Программа распространяется как файл "install.exe", после запуска создает подпапку в папке "C:\Documents and Settings\All Users\Application Data", имя этой подпапки состоит из цифр. Внутри этой подпапки также создаются файлы *.bat и *.exe, имя которых совпадает с именем папки. Задача BAT-файла состоит, в том, чтобы удалить файл "install.exe" (это действие повторяется до того, пока файл не перестанет существовать) и запустить *.exe-файл с параметром "/i". После чего в трее появляются две иконки - иконка "антивируса" Security Tool и иконка "красный щит", имитирующая стандартную иконку *Центра обеспечения безопасности Windows*. Интерфейс "антивируса" сообщает о наличии на компьютере вирусов (что на деле не так).

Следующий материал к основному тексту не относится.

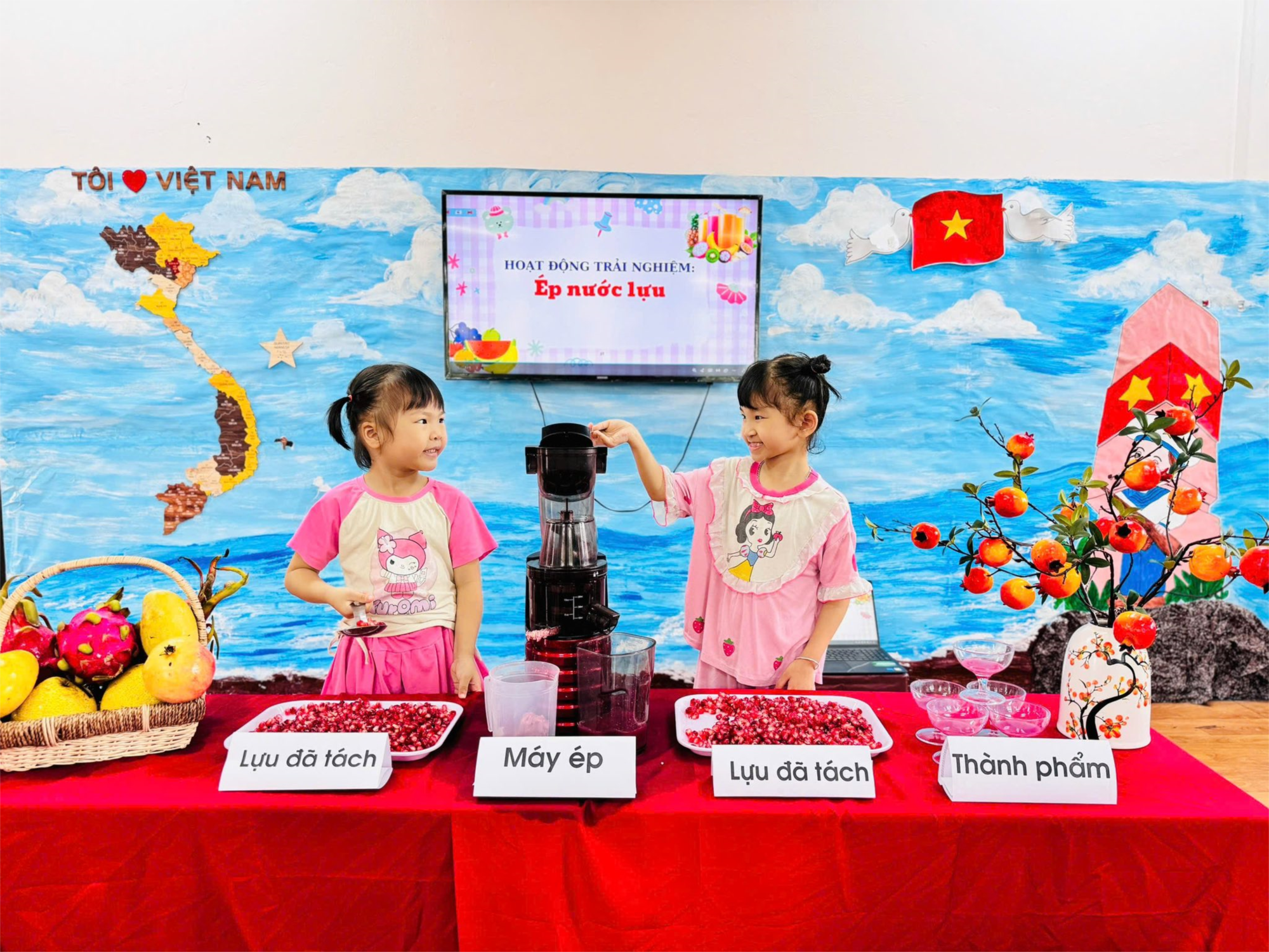 Dưới sự hướng dẫn tận tình của cô giáo, từng hạt lựu đỏ mọng được các bé bóc tách cẩn thận, ép ra thứ nước ngọt ngào, mát lạnh và có màu sắc thật hấp dẫn. Mỗi công đoạn – từ tách hạt, ép nước, đến rót ra ly – đều được các con thực hiện một cách chăm chú, hứng thú và khéo léo.

Программа выдает различные запугивающие пользователя сообщения - например, о том, что файл заражен Lsas.Blaster.Keyloger, который пытается отправить данные кредитной карты злоумышленнику.

Удаление:
Возможно, для удаления программы достаточно удалить ее EXE-файл (или переименовать его) и удалить запись в реестре (разделы HKLM\Run и HCKU\Run). Вот инструкция по удалению: http://www.bleepingcomputer.com/viru...-security-tool

----------

Надоело быть жертвой? Стань профи по информационной безопасности, получай самую свежую информацию об угрозах и средствах защиты от ведущего российского аналитического центра Anti-Malware.ru:

----------


## Matias

Если удалить SecurityTool так просто, почему эта инструкция состоит более чем из 20 шагов?

----------


## bolshoy kot

*Matias*, не проверял. Но из замеченных признаков "тула" нашел только эту папку и запись в реестре. Про запись в реестре написать забыл, сейчас дописал.

----------